The North Korea's first orbital space launch vehicle. United States classified the SLV as a technology demonstrator for long-range ballistic missile technology and dubbed "Taepodong-1".
===Unha rocket family===

The Unha is a North Korea family of expendable carrier rockets. These rocket have a wider first stage, comparable to that of the Iranian Simorgh.
===Chollima-1===

Chollima-1 is a three-stage rocket, the first stage is utilizing same engine used on Hwasong-15 is based on the Hwasong-17 ICBM.

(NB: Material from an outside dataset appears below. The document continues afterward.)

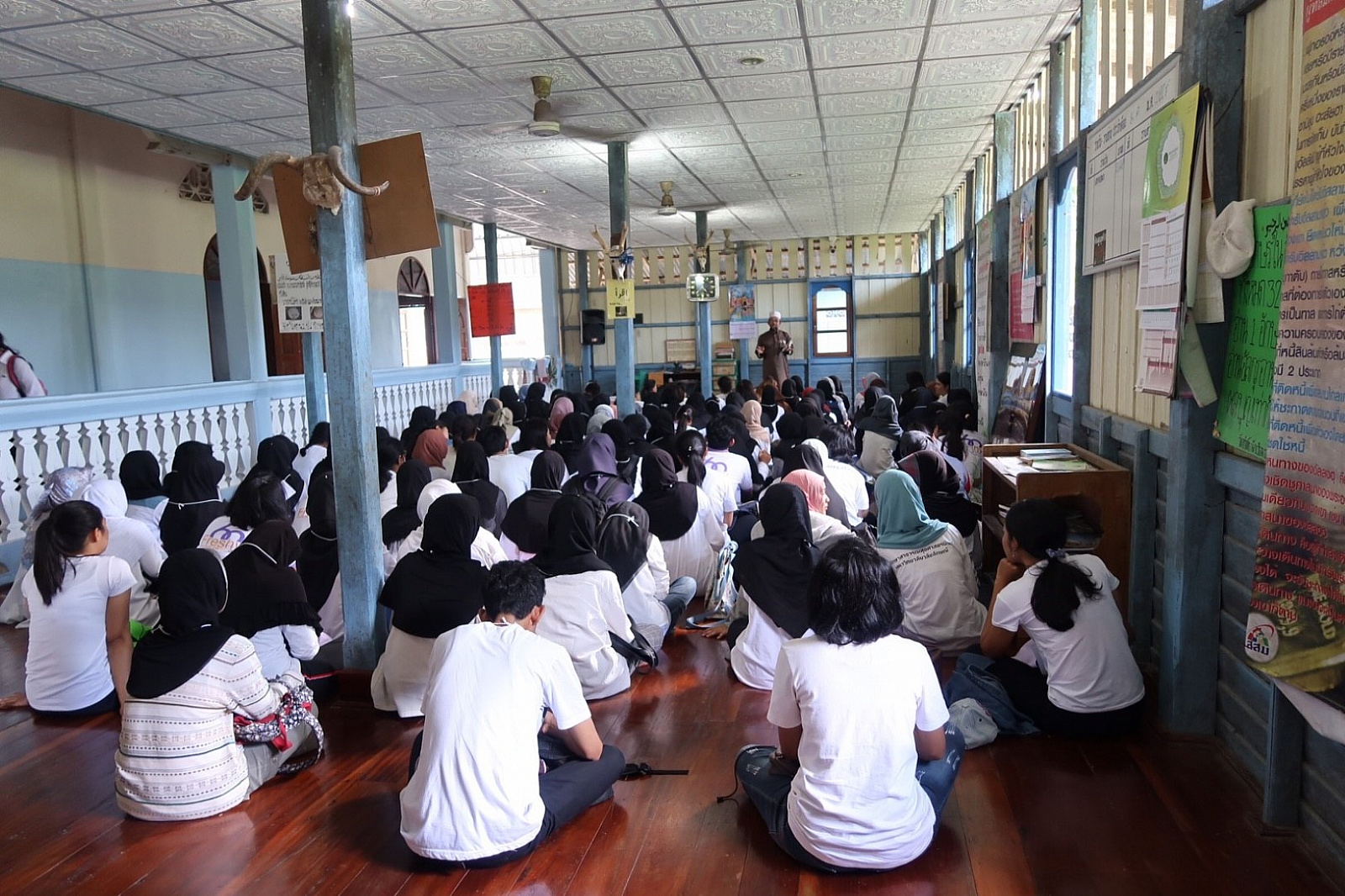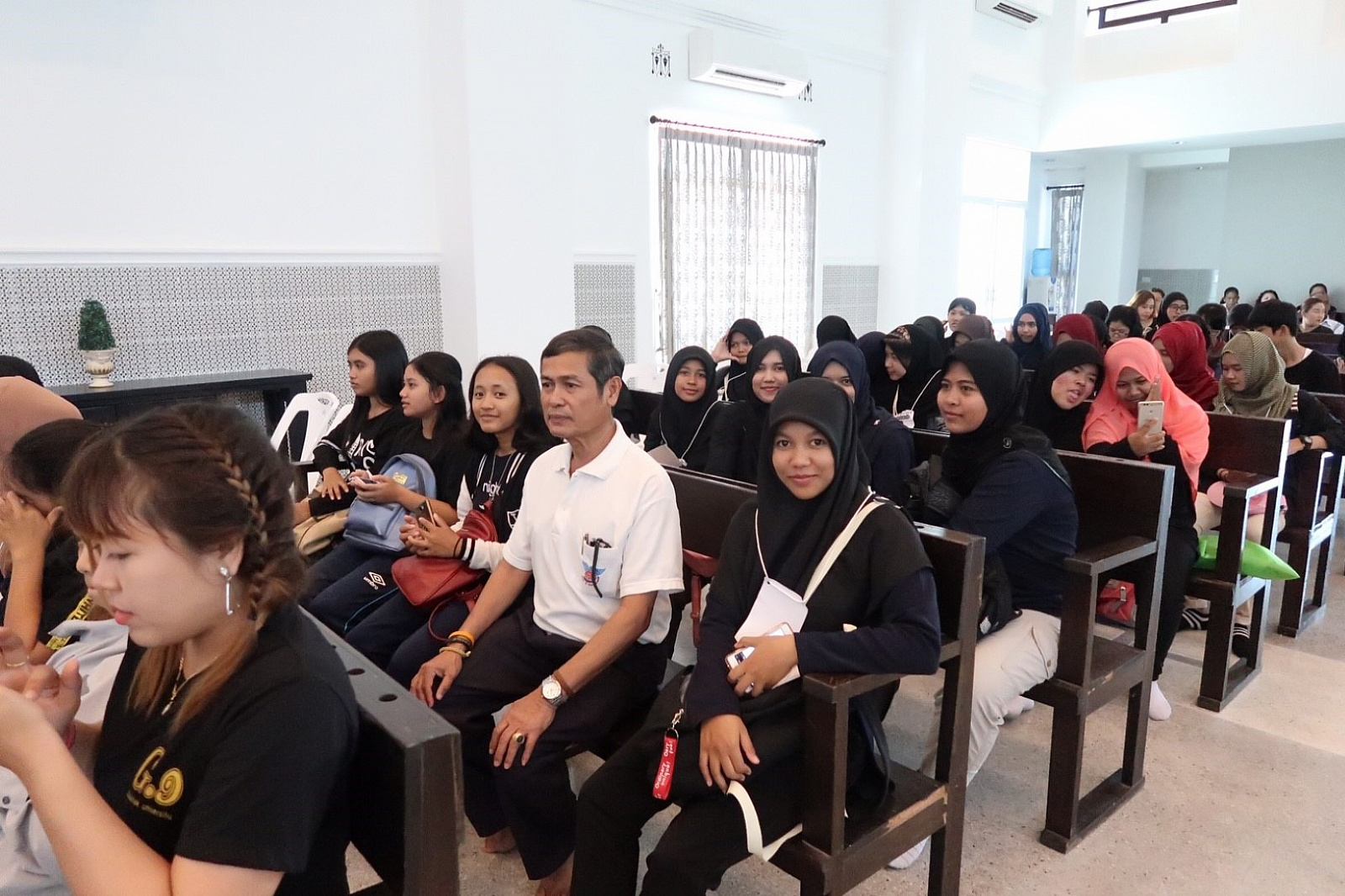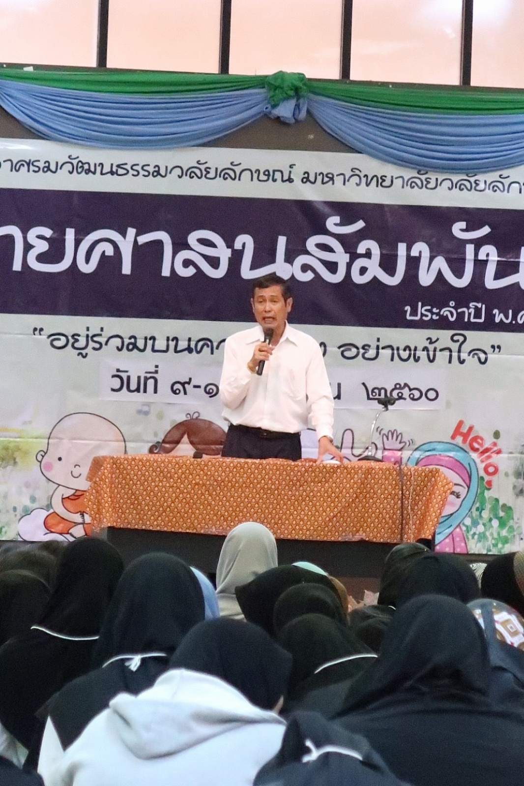 เมื่อวันที่ ๙-๑๐ กันยายน ๒๕๖๐ นักศึกษามหาวิทยาลัยวลัยลักษณ์ กว่า ๑๔๐ คน เข้าร่วมกิจกรรม “ค่ายศาสนสัมพันธ์” ประจำปี ๒๕๖๐ ภายใต้กรอบคิดของโครงการ “อยู่ร่วมบนความต่าง อย่างเข้าใจ” เพื่อให้นักศึกษาได้ตระหนักถึงความสำคัญในการนำหลักธรรมคำสอนของศาสนาต่างๆ พร้อมเปิดใจเรียนรู้และสร้างความเข้าใจบนความแตกต่างของศาสนา อันจะนำไปสู่การประยุกต์ใช้ในการดำเนินชีวิตได้อย่างถูกต้องและสามารถดำรงอยู่ในสังคมได้อย่างมีความสุข โดยเรียนรู้ผ่าน ๕ ฐานการเรียนรู้ ดังนี้ ฐานการเรียนรู้ที่ ๑ “จุดร่วม ๔ ศาสนา” บรรยายโดย รศ.ดร.สืบพงศ์ ธรรมชาติ รักษาการแทนผู้อำนวยการอาศรมวัฒนธรรมวลัยลักษณ์ ฐานการเรียนรู้ที่ ๒ “เข้าใจเรา เข้าใจเพื่อนชาวมุสลิม” ณ มัสยิดบ้านกลาง ต.โพธิ์ทอง อ.ท่าศาลา จังหวัดนครศรีธรรมราช โดยวิทยากร คุณเกาะเดช สัมฤทธิ์ ครูสอนศาสนา ฐานการเรียนรู้ที่ ๓ “เข้าใจเรา เข้าใจเพื่อนชาวพุทธ”ณ วัดพระมหาธาตุวรมหาวิหาร จังหวัดนครศรีธรรมราช โดยวิทยากร พระครูพิศิษฎ์คณาทร ดร. ฐานการเรียนรู้ที่ ๔ “เข้าใจเรา เข้าใจเพื่อนชาวคริสต์” ณ คริสตจักรพระกิตติคุณสมบูรณ์นครศรีธรรมราช โดยวิทยากร ท่าน ศาสนาจารย์สุริยัน เทพเเก้ว ศิษยาภิบาลคริสตจักรพระกิตติคุณสมบูรณ์นครศรีธรรมราช ฐานการเรียนรู้ ๕ “เข้าใจพราหมณ์ ผ่านพิธีกรรมและความหมาย” ณ ฐานพระสยม อำเภอเมือง จังหวัดนครศรีธรรมราช โดยวิทยากร คุณพลชัย จันทร์เกิด

===Kerolox-propelled launch vehicle===
It is a new launch vehicle using liquid oxygen and petroleum (kerosene) propellants. North Korea refers to this rocket as "new-type satellite carrier rocket" without disclosing official name.

==Launch history==

Launch history
| Satellite | Launch date (UTC) | Rocket | Launch site | Status | Purpose |
|---|---|---|---|---|---|
| Kwangmyŏngsŏng-1 | 31 August 1998 | Paektusan | Tonghae Satellite Launching Ground | Success (North Korea) Failure (outside North Korea) | Technology experimental satellite |
|  | 4 July 2006 | Unha-1 |  | Failure | Rocket test (See 2006 North Korean missile test) |
| Kwangmyŏngsŏng-2 | 5 April 2009 | Unha-2 | Tonghae Satellite Launching Ground | Success (North Korea) Failure (outside North Korea) | Communications satellite |
| Kwangmyŏngsŏng-3 | 13 April 2012 | Unha-3 | Sohae Satellite Launching Station | Failure | Observation satellite |
| Kwangmyŏngsŏng-3 Unit 2 | 12 December 2012 | Unha-3 | Sohae Satellite Launching Station | Success | Observation satellite |
| Kwangmyŏngsŏng-4 | 7 February 2016 | Kwangmyŏngsŏng (Unha-3) | Sohae Satellite Launching Station | Success | Observation satellite |
| Malligyong-1 #1 | 30 May 2023 | Chollima-1 | Sohae Satellite Launching Station | Failure | Military reconnaissance satellite |
| Malligyong-1 #2 | 23 August 2023 | Chollima-1 | Sohae Satellite Launching Station | Failure | Military reconnaissance satellite |
| Malligyong-1 #3 | 21 November 2023 | Chollima-1 | Sohae Satellite Launching Station | Success | Military reconnaissance satellite |
| Malligyong-1-1 | 27 May 2024 | Unnamed (using kerolox propellant) | Sohae Satellite Launching Station | Failure | Military reconnaissance satellite |

==Deep space exploration program==
The future Unha-20 will be able to place 20 tons into low Earth orbit and can be used by North Korea for its deep space exploration program, to explore the Moon, Mars, and other destinations.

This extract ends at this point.